Mr. Stephon added, "During the quarter, we continued to repurchase shares under our existing stock repurchase programs. We are authorized to repurchase a total of 2,269,358 shares under our stock repurchase programs and, as of December 31, 2022, we had repurchased a total of 1,506,295 shares at a total cost of $17.6 million, an average of $11.71 per share.

"The Company continues to maintain a strong capital position, posting a tangible common equity ratio(2) of 20.08% at December 31, 2022. The strength of this ratio allows us significant flexibility through a challenging environment. We will continue to manage our capital by growing our business in a disciplined manner, buying back our stock whenever possible, and paying a sustainable cash dividend to deliver maximum value to our shareholders."

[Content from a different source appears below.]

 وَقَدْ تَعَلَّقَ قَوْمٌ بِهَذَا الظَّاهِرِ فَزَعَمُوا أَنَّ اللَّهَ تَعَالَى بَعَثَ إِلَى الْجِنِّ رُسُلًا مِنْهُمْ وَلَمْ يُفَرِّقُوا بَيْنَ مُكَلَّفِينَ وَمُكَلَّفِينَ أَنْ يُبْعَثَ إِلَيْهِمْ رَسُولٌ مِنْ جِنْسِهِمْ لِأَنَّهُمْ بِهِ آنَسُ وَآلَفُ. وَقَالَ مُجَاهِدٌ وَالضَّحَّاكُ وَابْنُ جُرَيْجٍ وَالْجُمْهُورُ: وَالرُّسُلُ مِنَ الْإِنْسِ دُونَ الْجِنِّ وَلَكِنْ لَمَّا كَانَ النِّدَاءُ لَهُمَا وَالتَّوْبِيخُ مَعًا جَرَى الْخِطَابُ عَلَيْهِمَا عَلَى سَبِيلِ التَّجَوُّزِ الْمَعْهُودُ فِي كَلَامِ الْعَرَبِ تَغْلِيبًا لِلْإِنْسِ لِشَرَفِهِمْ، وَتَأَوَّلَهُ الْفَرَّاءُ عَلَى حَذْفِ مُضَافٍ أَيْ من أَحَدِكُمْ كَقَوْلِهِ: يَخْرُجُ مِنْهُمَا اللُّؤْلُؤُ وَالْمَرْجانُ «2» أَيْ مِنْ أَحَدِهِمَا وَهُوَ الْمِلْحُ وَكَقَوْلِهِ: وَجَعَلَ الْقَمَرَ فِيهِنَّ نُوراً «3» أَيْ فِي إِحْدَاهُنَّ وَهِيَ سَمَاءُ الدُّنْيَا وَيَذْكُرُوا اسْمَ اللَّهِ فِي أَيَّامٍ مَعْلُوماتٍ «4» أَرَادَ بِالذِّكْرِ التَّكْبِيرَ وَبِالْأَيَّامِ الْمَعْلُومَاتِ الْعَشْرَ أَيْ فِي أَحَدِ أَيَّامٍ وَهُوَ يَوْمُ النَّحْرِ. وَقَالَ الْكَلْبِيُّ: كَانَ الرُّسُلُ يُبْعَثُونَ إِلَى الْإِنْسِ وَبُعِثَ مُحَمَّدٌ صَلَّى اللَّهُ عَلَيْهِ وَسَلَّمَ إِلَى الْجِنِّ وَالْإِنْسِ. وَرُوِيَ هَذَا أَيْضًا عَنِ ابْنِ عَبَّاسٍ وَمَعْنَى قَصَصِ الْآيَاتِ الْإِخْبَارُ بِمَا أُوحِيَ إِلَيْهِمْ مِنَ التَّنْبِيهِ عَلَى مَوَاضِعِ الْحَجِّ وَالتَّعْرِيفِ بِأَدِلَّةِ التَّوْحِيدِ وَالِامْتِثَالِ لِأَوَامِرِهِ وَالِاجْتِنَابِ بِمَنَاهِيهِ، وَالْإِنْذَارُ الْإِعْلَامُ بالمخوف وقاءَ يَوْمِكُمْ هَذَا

Highlights for the three months ended December 31, 2022 are as follows:

  • During the three months ended December 31, 2022, the Company repurchased 342,007 shares at a total cost of $4.0 million, or $11.63 per share. As of December 31, 2022, the Company had repurchased a total of 1,506,295 shares at a total cost of $17.6 million, or $11.71 per share, under its previously announced repurchase programs. As of January 10, 2023, the Company had exhausted its second repurchase program that was approved on June 9, 2022 and began repurchasing shares under its third repurchase program that was approved on August 18, 2022.
  • William Penn recorded net income and core net income(1) of $1.1 million and $788 thousand, or $0.08 and $0.06 per basic and diluted share, for the three months ended December 31, 2022.
  • William Penn improved its asset mix and funded $44.3 million of new loans during the six months ended December 31, 2022, including $31.0 million of new loans funded during the second quarter.
  • Asset quality metrics improved with non-performing assets to total assets decreasing to 0.49% as of December 31, 2022 compared to 0.56% as of September 30, 2022. Our allowance for loan losses totaled $3.3 million, or 0.67% of total loans and 0.86% of total loans, excluding acquired loans(3), as of December 31, 2022, compared to $3.4 million, or 0.71% of total loans and 0.94% of total loans, excluding acquired loans(3), as of June 30, 2022.
  • William Penn's net interest margin measured 3.10% for the three months ended December 31, 2022 compared to 3.00% for the three months ended December 31, 2021.
  • William Penn's cost of deposits totaled 64 basis points during the three months ended December 31, 2022.
  • Book value per share measured $12.67 as of December 31, 2022 compared to $12.50 as of September 30, 2022. Tangible book value per share(4) measured $12.29 as of December 31, 2022 compared to $12.12 as of September 30, 2022.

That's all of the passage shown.